Chamorro me observó con cautela. Años atrás, pensé de nuevo, habría respondido más irreflexivamente a mi objeción. Pero ahora también ella se tomó su tiempo antes de volver a abrir la boca.

—Vale —admitió—. No hay desgarros y no tiene por qué ser una relación forzada con violencia. Pero pudo haber intimidación. Y tampoco una relación consentida excluye un posterior…

—Desde luego que no —concedí—. Tienes razón, alguien ha firmado y eso es algo, que bien podríamos no tener nada. Son las once, camarada. ¿Volvemos a la escena del crimen o nos tenemos piedad y dejamos de jugar por hoy a los policías? No sé tú, pero yo estoy reventado.

—La escena del crimen está vista —dijo Chamorro—.

Los que ahora tienen que lucirse allí son los de criminalística, levantando buenas huellas si las hay. ¿O es que piensas echarles una mano en eso? Parecía haber hecho una pregunta inocente, sin ninguna intención. Pero, al cabo del tiempo, podía percibir la mordacidad de mi compañera aun cuando la manifestara veladamente, como era el caso.

—Ya me conoces, Virginia. Sólo me gustan los trabajos meticulosos cuando tienen algo artístico. No me tira mucho limpiar manchas.

—Pues entonces…

—No vas a chivarte del escaqueo, ¿no?

—¿Para qué?

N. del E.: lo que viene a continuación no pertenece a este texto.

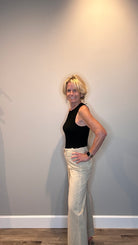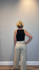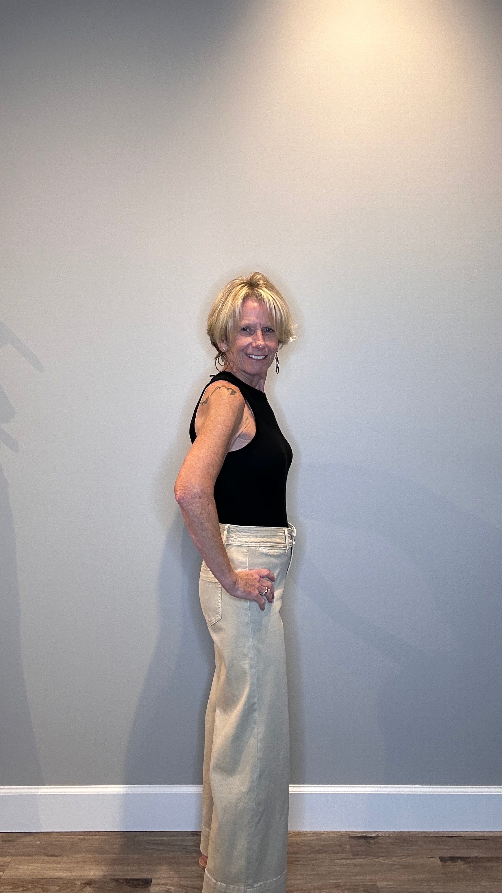 Step into your new favorite silhouette with these high-rise palazzo ankle pants, featuring a clean double button waistband and flat front seam for a sleek tailored look. The wide, exaggerated hem adds fluid movement and fashion-forward appeal while discreet pockets tucked just beneath the waistband provides subtle functionality.

Podrían ponerme a trabajar con un jefe

todavía más rancio y más machista que tú, así que no

creo que me interese.

—¿Soy rancio? ¿Soy machista? —pregunté, con sincero

estupor.

—Tienes cuarenta años, y ya empieza a fastidiarte, aunque no te des cuenta, que otros más jóvenes se vayan haciendo con el mundo. Y eres un hombre, así que no tienes más remedio que ser machista. Bueno, podrías ser gay, o metrosexual, pero tampoco acabo yo de estar segura de que a una mujer le convenga más trabajar con eso. Los machistas sois más predecibles, y si se sabe llevaros, mucho más manejables. Hice ademán de sujetarme al volante.

—Coño, Chamorro, ¿te has tomado algo?

—Coca-Cola Light, de máquina. No sé si le ponen algo en el tanatorio para animar a los deudos, pero yo no he notado nada raro.

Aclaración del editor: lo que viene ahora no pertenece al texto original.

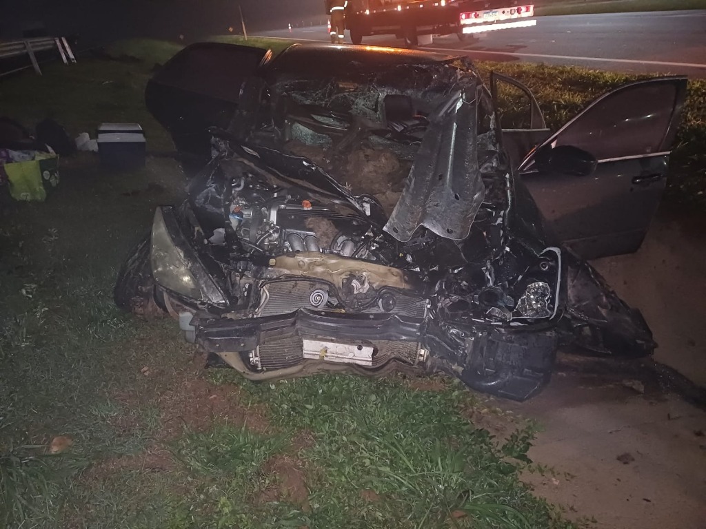 O primeiro acidente foi registrado por volta das 02h00, no km 273 da rodovia, próximo ao acesso norte da cidade de Catalão. A ocorrência envolveu um automóvel Honda/Accord, com placas de São Paulo, cujo condutor perdeu o controle da direção e colidiu contra a defensa metálica que separa as pistas.

—Me vas a permitir que prepare mi defensa para otro momento, porque ahora estoy hecho unos zorros. Pero creo que nunca he ofendido tu dignidad femenina. Incluso estoy dispuesto a recomendar que si algún día tienes un hijo, y hasta dos o tres, no te echen de la unidad.

—Si algún día tengo un hijo, ya me iré yo. Pero por ahora no necesito que te desgastes al respecto.

—Pues no te duermas, no vaya a pasarse el arroz. Mi compañera esbozó la primera sonrisa de aquel día.

—Qué respetuoso de mi dignidad femenina es ese comentario.

—Sólo me preocupo por ti. Los treinta están ya encima…

—No te preocupes tanto. Ahora las mujeres somos fértiles durante más tiempo. Al contrario de lo que sucede con la fertilidad de otra cosa, que parece que va disminuyendo sostenidamente.

—Yo ya he acreditado mi aptitud una vez. Y no estoy por repetir. Debo salir adelante con un sueldo modesto.

—Qué bien tener esa coartada.

—Vale —resumí—, llegados a este punto sólo me queda arrestarte o invitarte a una caña y alguna ración de algo, dondequiera que sea posible encontrar eso a esta hora en este pueblo. Sabes que me repugna abusar del mando, así que, y sólo a condición de que no te me pongas burda y lo interpretes como acoso sexual, ¿me permites invitarte, mi cabo?

—Vamos, tira y deja de chinchar —replicó, relajando el gesto. Meneé la cabeza.

—Ay, Chamorro, con lo disciplinada, lo prudente y lo modosita que eras al principio, cómo te estoy malcriando.

—Tranquilo, me malcría la vida.

—Bien, pero mañana conduces tú —dije, mientras arrancaba—. No por nada, sino porque soy un machista y se me pone en los cojones.

—Atus órdenes siempre —se sometió, con dulce mansedumbre.

—Mejor así. Y ahora vamos a ver dónde nos dejamos envenenar.